Reluctantly Clarke remained at Bailundu as she recovered from the resulting weakness, but she was impatient to return to her own students at Chissamba. Finally, in the middle of October her insistence overcame the prudence of the other missionaries, and she was permitted to return to Chissamba and to her school although she had not completely regained her health.

The missionaries’ concern was well founded. One Wednesday night in the following March she became ill with the same fever she had suffered in Bailundu. The missionary couple at Chissamba attended her all Thursday and Friday, day and night, but she continued to weaken, repeating hymns while she was able, to take her mind off her suffering. Early on Saturday morning, March 18, 1893, she died peacefully. She was buried in the garden of that missionary couple, beside the graves of their two children who had also died at Chissamba.

When the news reached Canada two months later, memorial services were held in the Congregational church in Guelph.

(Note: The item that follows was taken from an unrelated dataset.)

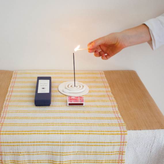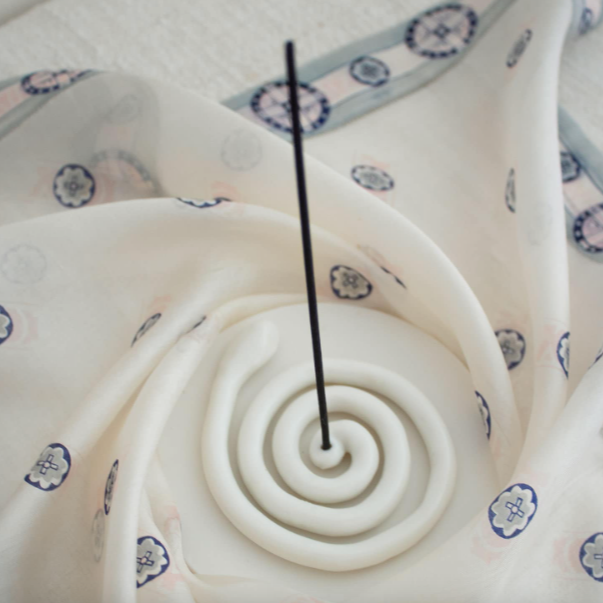 El set incluye una caja de 48 varillas de incienso + una base de cerámica blanca + el diseño de la serpiente y una caja de cerillas japonesas.

At the evening service, William F. Clarke spoke a few words. “He still questioned whether his daughter had been correct in interpreting her call as a call to Africa, but he had no doubt of her loyalty in responding to Christ’s call.”[5]

Marilyn Färdig Whiteley


Notes

  1. Letter from Minnie Clarke to E. M. HILL, Feb. 7, 1890, Canada Congregational Woman’s Board of Missions Fonds 206, 80.012C 2- 6 and 80.0143C /TR, United Church of Canada Archives, Toronto, Ontario.

  2. Letter from Minnie Clarke to Mrs. Wood, Mar. 10, 1890.

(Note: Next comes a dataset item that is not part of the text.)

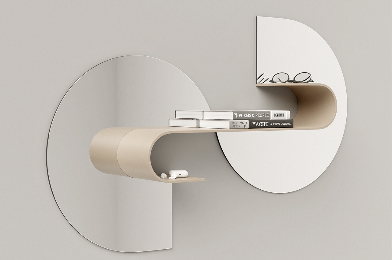 Since the concept is named Wave, the shape of the mirror and the shelves is wavy and reminiscient of the letter S. It is modular yes but no matter where you place the different parts, you’ll still get the wave. The renders show that there are around 4-5 parts that you can assemble and play around with, depending on where you want to place the shelves part or if you want it to be horizontal or vertical in orientation.

  3. Guelph Daily Mercury, June 13, 1890.

  4. Canadian Independent, Mar. 1893, 59.

  5. Guelph Daily Mercury, May 29, 1893.

Bibliography

Canada Congregational Woman’s Board of Missions Funds 206, 80.012C 2- 6 and 80.0143C /TR, United Church of Canada Archives, Toronto, Ontario.

Canadian Independent, 1890-1893.

Guelph Daily Mercury, 1890-1893.

Missionary Herald, July, 1893, 272.

Whiteley, Marilyn Färdig, “The Cheerful Obedience of Minnehaha Clarke, Touchstone, Vol. 21, No. 3, Sept. 2003, 49-58.